DATA RECORDS:
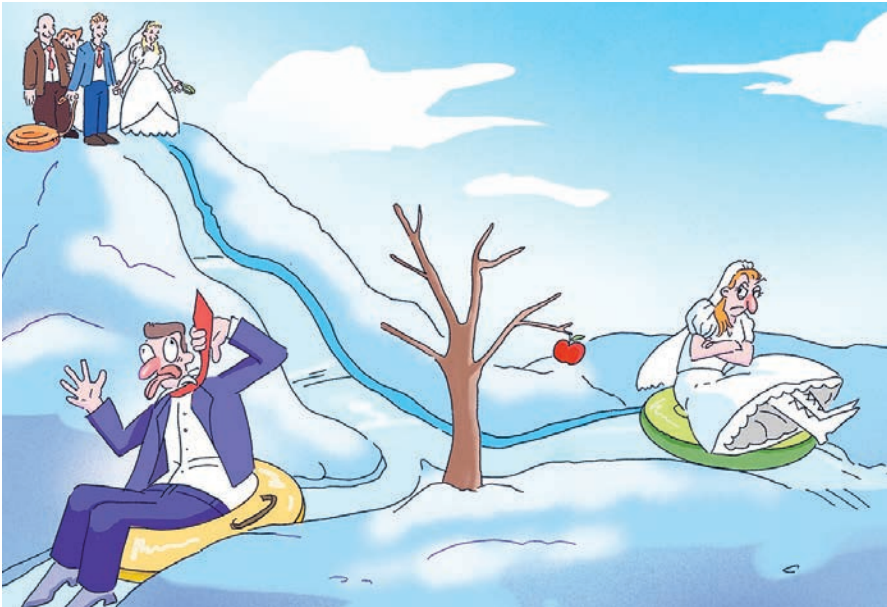
ИЛЛЮСТРАЦИЯ НАСТАСИИ КОБАКОВОЙ

У психологов, конечно, тут как тут: готовы научное объяснение такому социальному явлению: длинные праздники являются мощным катализатором, провоцирующим стремительное развитие кризисов в отношениях. «Сами по себе выходные не создают проблем, они лишь поднимают на поверхность все, от чего люди старательно отмахивались на протяжении месяцев и прятались за рутинной. Когда же эта рутинная отступает в тень, граждане остаются наедине с ворохом нерешенных вопросов, которые больше некуда откладывать», – рассказыва-
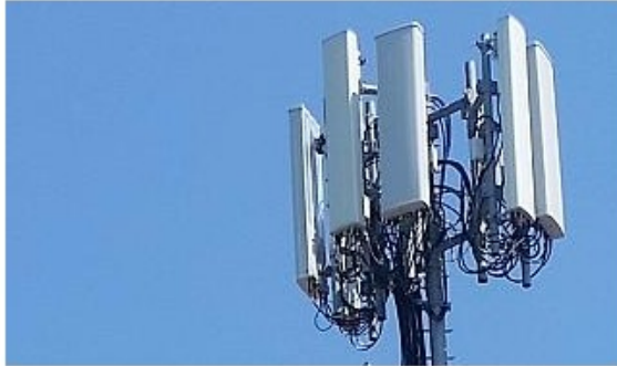
Impianto di trasmissione radio (foto di repertorio)

Dalla maggioranza arriva l'invito all'Amministrazione comunale a dotarsi di strumenti preventivi "per la limitazione, monitoraggio e gestione" del 5G
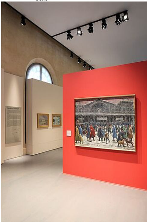
Collection Maximilien Luce

Découvrez les collections de votre musée sur POP ( https://www.pop.culture.gouv.fr/advanced-search/list/joconde?gb=%5B%7B%22field%22%3A%5B%22MUSEO.keyword%22%5D%2C%22operator%22%3A%22%2A%22%2C%22value%22%3A%22M0389%22%2C%22combinator%22%3A%22AND%22%2C%22index%22%3A0%7D%5D )
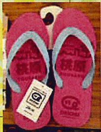
島そうり北谷ローカルシリーズ 事業所：(株)琉球ファクトリー
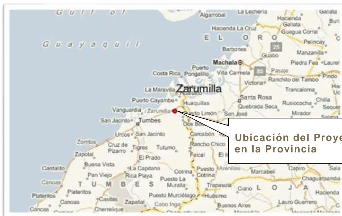
Ubicación del Proyecto en la Provincia
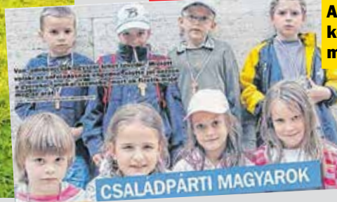
A Kanizsa már decemberben megkérdezte: Belenézhetünk-e gyermekeink, unokáink szemébe?

Mikor e sorokat írom, május 21., a magyar honvédelem napja van. Budavár 1849-es visszafoglalásának évfordulója. Ha ekkor nem, mikor tanulhatnánk meg inkább: az a szó, lehetetlen, nem létezik! Azóta hányszor! - Nincsenek kis nemzetek, csak kishitűek, nincsenek kis emberek, csak kicsinyhitűek. Jobb lenne, ha a napi hírek és az újságok helyett több történelmet olvasnánk – idézte Teleki Pált a minapi Monte cassino-i kiállítás. Mert a történelemből erőt, optimizmust meríthetünk. - A németek a történelem során rengeteg fontos csatát nyertek meg, a háborúkat azonban általában elvesztették – utalt a Terror Háza Múzeum főigazgatója az újabb kísérletre, Európa németek általi leigázására. Schmidt Mária azonban már a Sargentini-jelentés idején figyelmeztetett, mire megy ki a játék: - A nemzetek szuverenitását képviselő erőkkel való látványos leszámolás és a kozmopolita, internacionalista, föderalista erők össznásztánca, aminek ered-
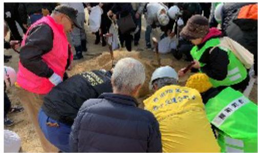
砂場で土のう作成

12月8日に「楠小学校区つながる会」主催の第5回防災訓練が楠小学校の校庭と体育館をお借りして開催されました。訓練開始の合図がある
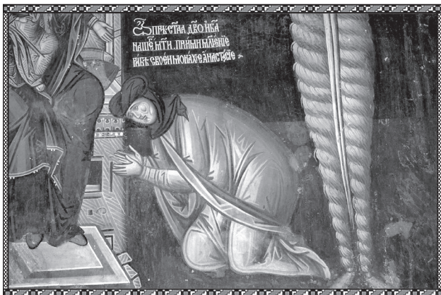
Моление преподобной Анастасии. Фреска в монастыре Студеница

Рядом с местом ее первоначального захоронения на стене храма можно увидеть фресковое изображение монахини Анастасии, припадающей к престолу Пресвятой Богородицы со словами молитвы: «О, Пресвятая Дева и Бога Нашего Мати, прими моление рабы Своей, монахини Анастасии».
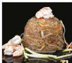
184. SPAGHETTI DI SOIA CON GAMBERI* E VERDURE € 8,00
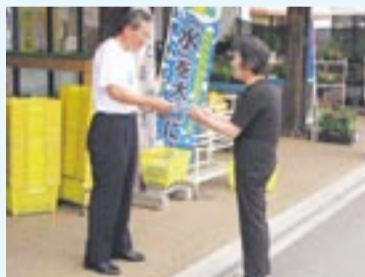
街頭キャンペーンの様子

8月1～2日の2日間、宗像市・福津市で、水資源への理解と有効利用を呼び掛ける街頭キャンペーンを行いました。

WHAT TO WORK ON: Write out, please, the lines of the listing above from the one with "Моление преподобной Анастасии." through the very last, exactly as given and with no pictures.

RESULT FOR THIS TASK:
Моление преподобной Анастасии. Фреска в монастыре Студеница

Рядом с местом ее первоначального захоронения на стене храма можно увидеть фресковое изображение монахини Анастасии, припадающей к престолу Пресвятой Богородицы со словами молитвы: «О, Пресвятая Дева и Бога Нашего Мати, прими моление рабы Своей, монахини Анастасии».
184. SPAGHETTI DI SOIA CON GAMBERI* E VERDURE € 8,00
街頭キャンペーンの様子

8月1～2日の2日間、宗像市・福津市で、水資源への理解と有効利用を呼び掛ける街頭キャンペーンを行いました。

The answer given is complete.